Live facial recognition vans with special cameras and software will be launched in Surrey and Sussex in a Home Office-funded trial
- Published
Vans equipped with facial recognition technology are set to be rolled out on streets in Sussex and Surrey.
Two vans fitted with cameras which feed into specialist software will aim to catch criminals, suspects, and those wanted on recall to prison across the counties.
The rollout comes amid opposition from politicians and campaign groups, some of whom call the technology "incredibly intrusive" and "racially biased".
Speaking at Sussex Police headquarters in Lewes, police and crime commissioner Katy Bourne said: "This is not about surveillance, this is about safeguarding."
She added: "If this takes our most dangerous offenders off the streets, that's got to be a good thing."
In Guildford, Surrey Police Ch Insp Andy Hill added: "We've taken a lot of learning from other forces who have been ahead of us with it.
"The software itself has been subject to a lot of testing and development and we are confident in its accuracy."
How does live facial recognition work?
Cameras in the van provide officers with live footage and monitor police databases for criminals or suspects.
The CCTV cameras will continuously run while the van is in operation.

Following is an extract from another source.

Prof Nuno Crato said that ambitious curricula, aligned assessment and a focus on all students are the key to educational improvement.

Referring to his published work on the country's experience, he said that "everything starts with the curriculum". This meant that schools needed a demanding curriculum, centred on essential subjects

Cameras only detect people on Sussex and Surrey Police watch lists, including people on court orders, those wanted on recall to prison, or suspects in criminal investigations.

Police officers sitting inside the van will monitor the live CCTV feeds for matches to the software
"If someone walks past our van and they're on our watch list, that will trigger an alert inside the van and let us know that we need to go up and speak to those people," explained Sussex Police's Ch Insp Jim Loader.

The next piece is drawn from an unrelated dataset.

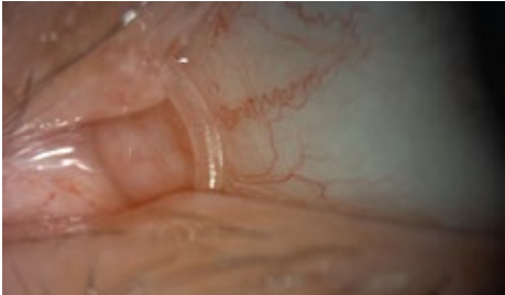
Image of a stent at inner corner of the eye.

When you awake from the general anaesthetic, you may have a nose-pack in the affected nostril. There is usually no pain even when you wake up. An ice-pack would be placed on the eye of the operated side. A silicone stent would have been placed in the corner of the eye on the operated side.

Anyone not on a watch list will have their face blurred on the police feed and their images will be deleted immediately, the forces said.

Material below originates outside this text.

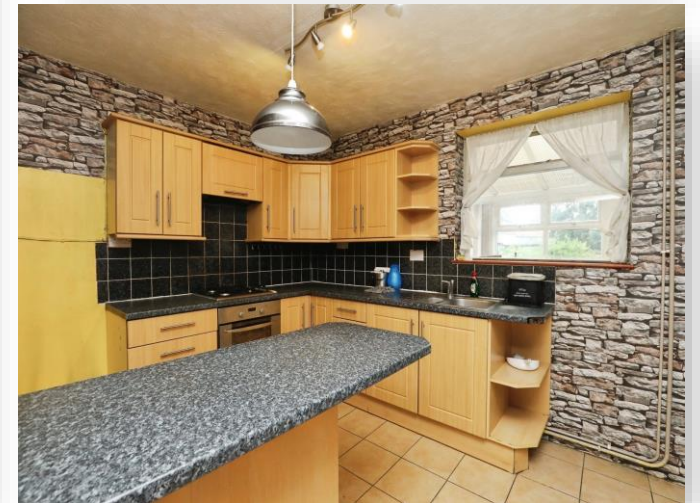
Harmer Road, Norwich, NR3 3QF

Mr Hill added that any alert the software generates will be subject to human review to confirm that it is a match.
The Home Office is funding the facial recognition scheme in Sussex and Surrey for the next five years.

Sussex Police Ch Insp Jim Loader says the cameras will speed up the time it takes to identify and catch criminals
Sian Berry, the Green MP for Brighton Pavilion, criticised the technology as "incredibly intrusive" and called for greater debate about its use before it was rolled out more broadly.
Other campaign groups have raised concerns that the cameras may reinforce racial biases, as some artificial intelligence cannot distinguish between black and Asian faces.
Matthew Johnson, chief executive of campaign group Race on the Agenda, said: "It hasn't been designed with black and brown communities in mind.
"It makes me feel more unsafe and less secure, and that my privacy rights can be breached at any point just going about my day."
Sussex Police Det Ch Supt Carwyn Hughes said their technology held "no statistical risk" of racial or gender bias, adding it was "incredibly important" to the force to prevent any profiling.
Mr Hill said he was "confident it minimises any false alerts".